- **Data**:

[Start of section]

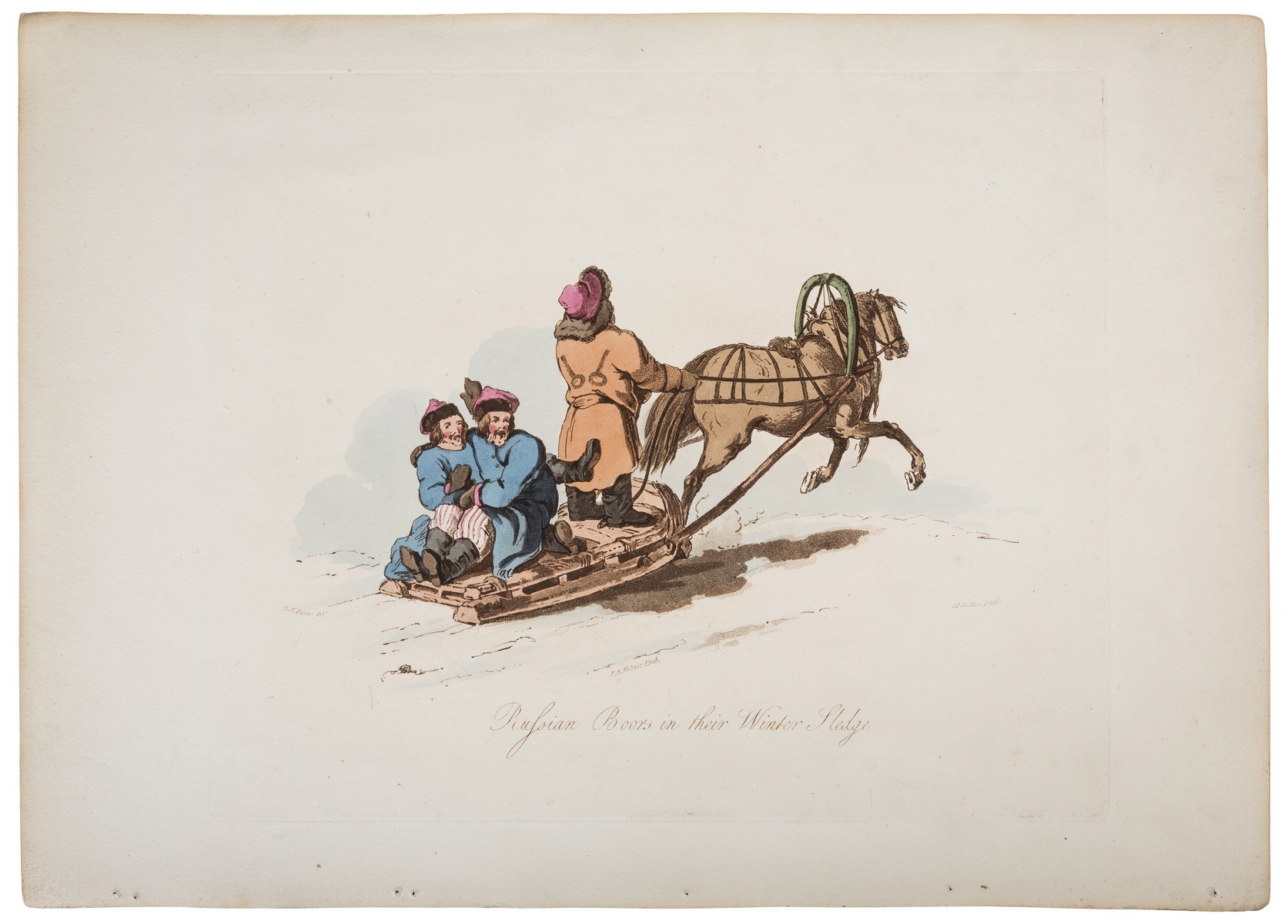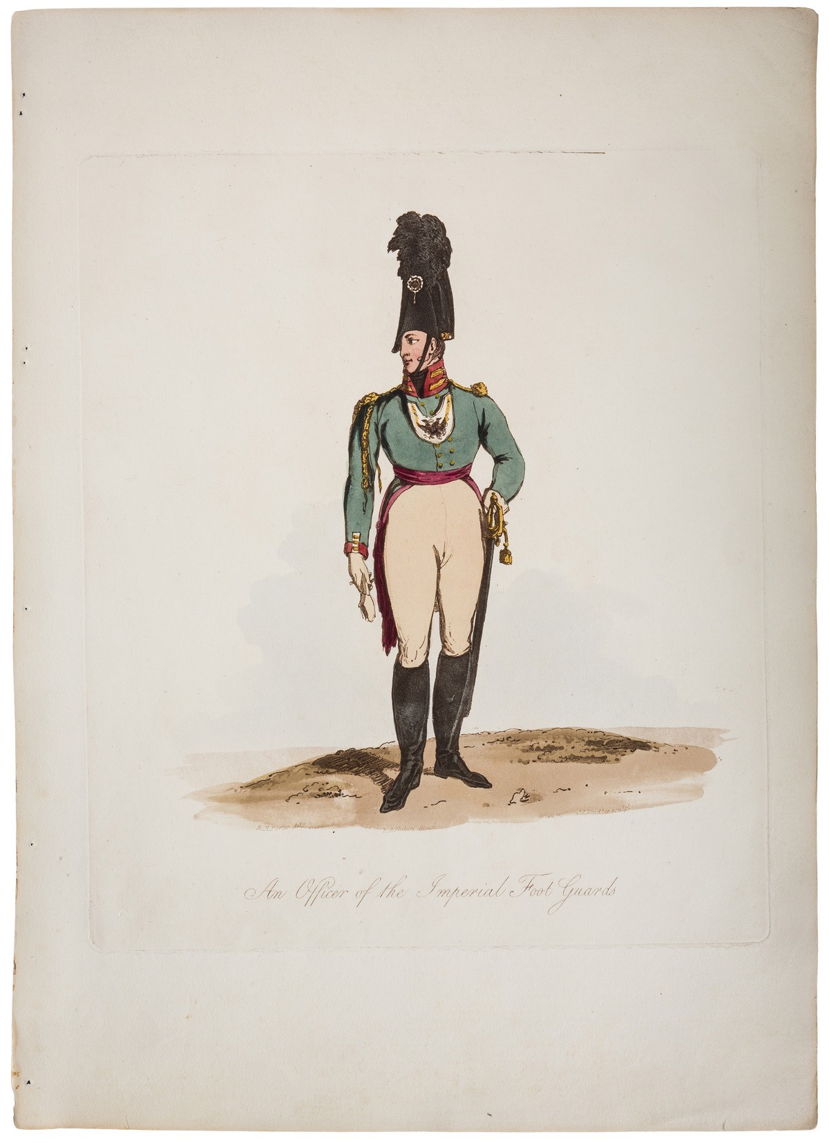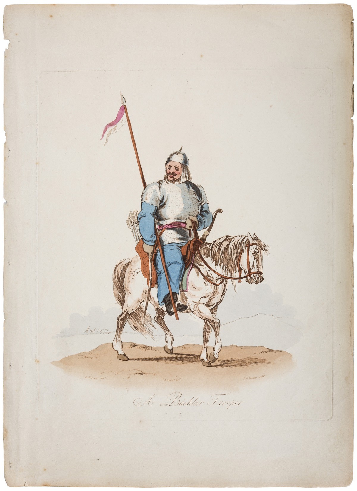 Во владельческом картонажном переплете с этикеткой на пер. крышке. Альбом содержит раскрашенные акварелью гравюры в технике акватинты. Гравюры выполнены Джозефом Константином Стэдлером (Joseph Constantine Stadler) с работ сэра Роберта Кера Портрета, которые вошли в издание «Путевые зарисовки России и Швеции...» (Р. Портер, 1809). Приведены изображения крестьян, церковнослужителей, отдельных народов (цыгане, калмыки), военных (донские казаки, уральские казаки, гвардия) и т.д.
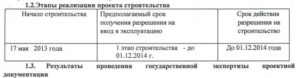 Фрагмент проектной декларации с предполагаемым сроком сдачи первой очереди:
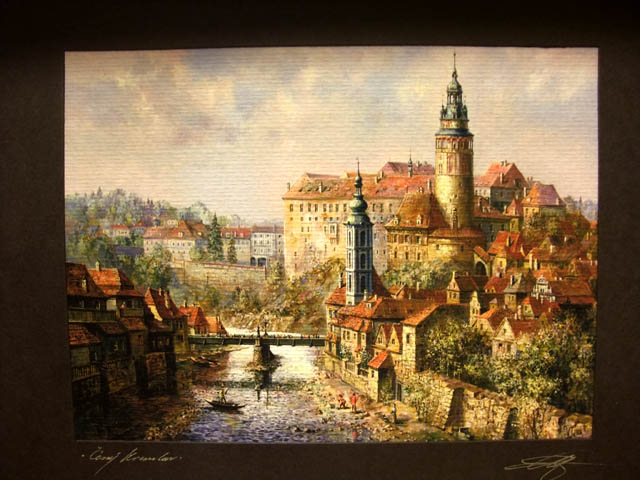 行沒多久,便遇上一家小店,門口掛上許多手工彩畫,還有幾個學生模樣年輕人,比手畫腳興奮相互討論。瞥了一眼,我也被迅速吸引,那畫作裡的庫倫洛夫比實際又多了些幻彩,以不同角度面向,隨季節更替在我眼前變換。有的遠遠勾出水藍河彎裡的幽靜小鎮,有的專注於彩繪塔的艷麗,鉅細靡遺點描它的紋飾。
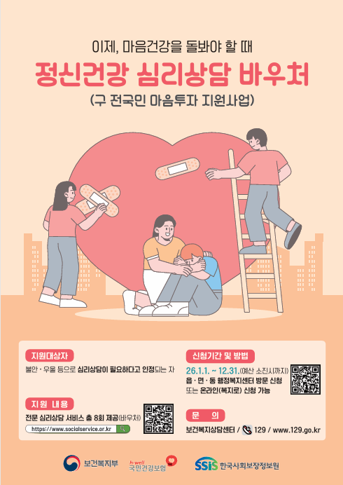 2026년 정신건강 심리상담 바우처 사업(구 전국민 마음투자 지원사업) 실시 안내

[End of section]

- **Work order**: Return the listing above unchanged, apart from dropping its pictures.

- **Answer to this problem**:
 Во владельческом картонажном переплете с этикеткой на пер. крышке. Альбом содержит раскрашенные акварелью гравюры в технике акватинты. Гравюры выполнены Джозефом Константином Стэдлером (Joseph Constantine Stadler) с работ сэра Роберта Кера Портрета, которые вошли в издание «Путевые зарисовки России и Швеции...» (Р. Портер, 1809). Приведены изображения крестьян, церковнослужителей, отдельных народов (цыгане, калмыки), военных (донские казаки, уральские казаки, гвардия) и т.д.
 Фрагмент проектной декларации с предполагаемым сроком сдачи первой очереди:
 行沒多久,便遇上一家小店,門口掛上許多手工彩畫,還有幾個學生模樣年輕人,比手畫腳興奮相互討論。瞥了一眼,我也被迅速吸引,那畫作裡的庫倫洛夫比實際又多了些幻彩,以不同角度面向,隨季節更替在我眼前變換。有的遠遠勾出水藍河彎裡的幽靜小鎮,有的專注於彩繪塔的艷麗,鉅細靡遺點描它的紋飾。
 2026년 정신건강 심리상담 바우처 사업(구 전국민 마음투자 지원사업) 실시 안내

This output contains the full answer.